Monday, 20 April 2009

Grace Jones is a lesbian?

There's always been somewhat of a whiff of Adam and Joe's The 1980s House about Ashes to Ashes. The new series opened with a triptych of Thatcherite imagery: a Rio-fuelled car chase, the Taskforce setting sail for the South Atlantic and a Stephen Milligan-inspired auto-erotic asphyxiation. Even Maggie's mantra of 'one of us' (stolen from ABBA, but she was like that) was very much in evidence, as our trusty team of figments of Alex Drake's fading imagination act exacty as you would imagine to solve the mystery death of a fellow copper. You have to hand it to Alex, her memory of the 80s is pretty fantastic, considering this entire world has been dreamt up by her while in a coma. If it was me, it would just consist of white MFI furniture, Max Headroom and crunchy perms.

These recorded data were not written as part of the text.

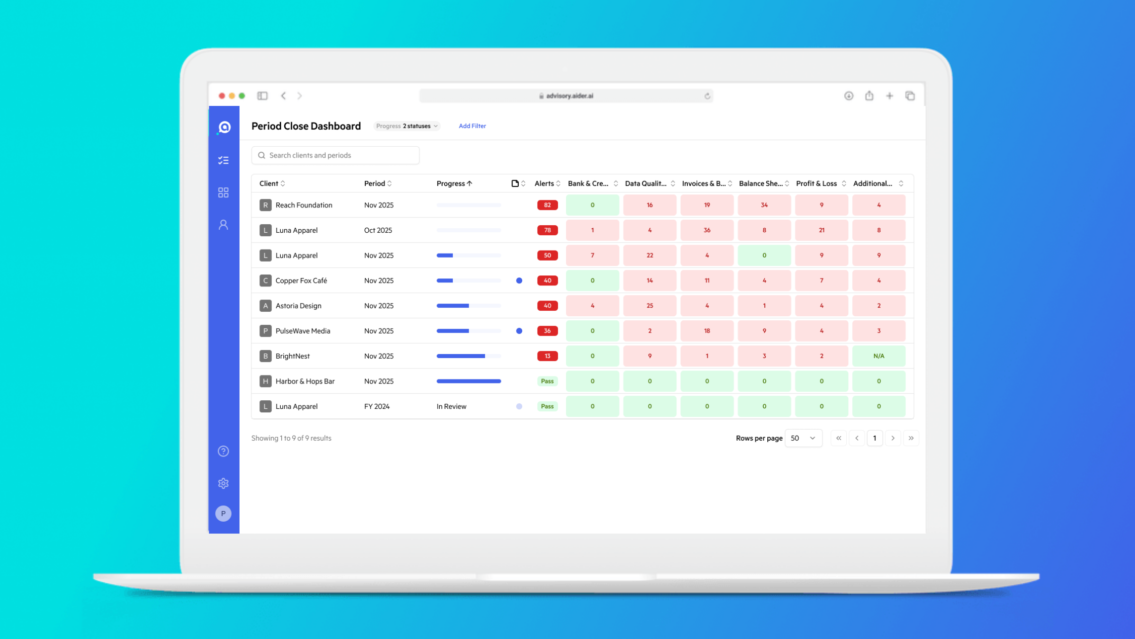 Aider has a completely rebuilt period close experience with a refreshed UI, more powerful customization, and tighter Karbon integration.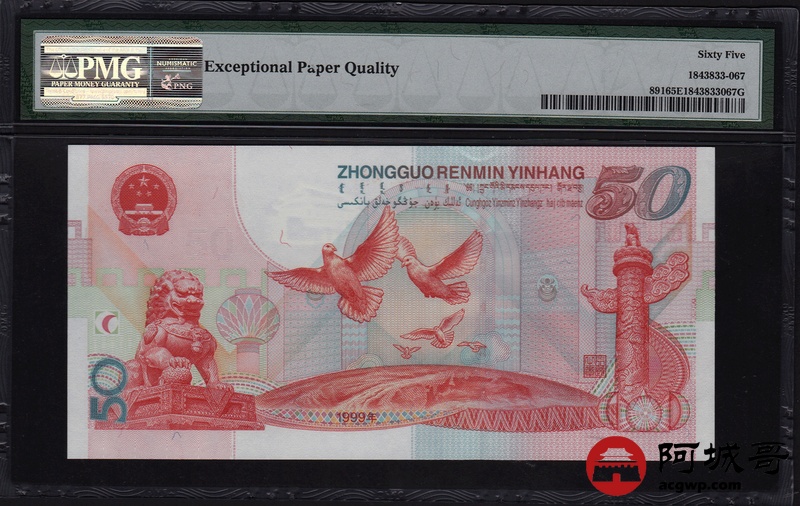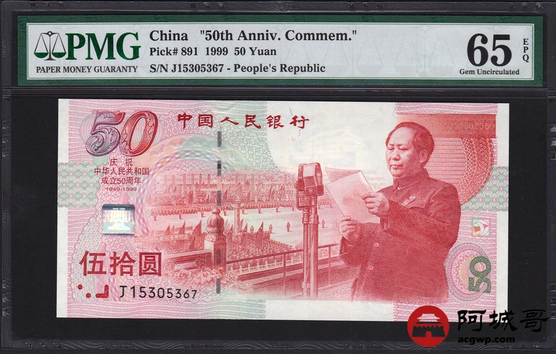 Lot:67 1999年 伍拾圆建国钞 中国人民银行 PMG 65EPQ 好号无4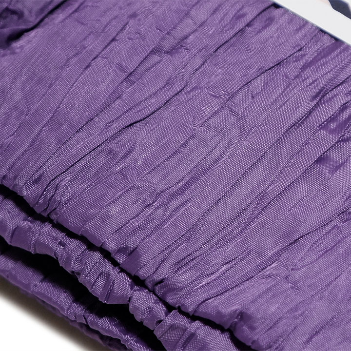 シワ感のある軽やかな素材は、ボリューム感のある結びがしやすく、後ろ姿も華やかに演出。

There were some lazy touches (the photocopier hadn't been the same since that bird from accounts photocopied her arse at the Christmas party, apparently, and important clues can be discovered by rubbing a pencil over a notepad - presumably an in-joke, but even so), the sort of thing that could easily undermine the entire series if it was left unchecked. But the plot was enjoyably twisty, with some very bleak little glimpses into Alex's nightmare world, where she's being actively pursued by the present in a way that Sam Tyler never had to deal with. The big problem for Ashes to Ashes has been that the idea was so perfectly encapsulated in Life on Mars that just rehashing the same ground with a woman in the 80s isn't really enough. They look like they're trying to address that by cranking up the differences, with her world being invaded by this ghost from the future. Might not be all that easy to pull off.

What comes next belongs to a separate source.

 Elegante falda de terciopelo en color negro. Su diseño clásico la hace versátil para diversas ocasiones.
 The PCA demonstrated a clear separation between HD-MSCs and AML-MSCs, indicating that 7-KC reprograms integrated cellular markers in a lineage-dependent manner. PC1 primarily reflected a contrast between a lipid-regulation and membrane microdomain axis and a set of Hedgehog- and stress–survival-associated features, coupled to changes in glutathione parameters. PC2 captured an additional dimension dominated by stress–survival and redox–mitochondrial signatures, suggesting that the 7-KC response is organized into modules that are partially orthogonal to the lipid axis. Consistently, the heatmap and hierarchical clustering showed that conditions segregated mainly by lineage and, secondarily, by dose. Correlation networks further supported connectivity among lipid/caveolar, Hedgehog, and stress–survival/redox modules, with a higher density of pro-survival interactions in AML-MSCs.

Particularly lovely to hear Philip Glenister again sans Amerian accent. Gene Hunt. Like the rest of the programme, it shouldn't work. Yet he's such a sexy character, mainly because of Glenister's maudlin performance, a darkness he didn't need to give him. In Life on Mars it served as a counterweight to Sam's bleak and confused visions. In Ashes to Ashes up against cocky postmodern Alex he's the more sad, and we just don't know why. And I'm not sure I want to.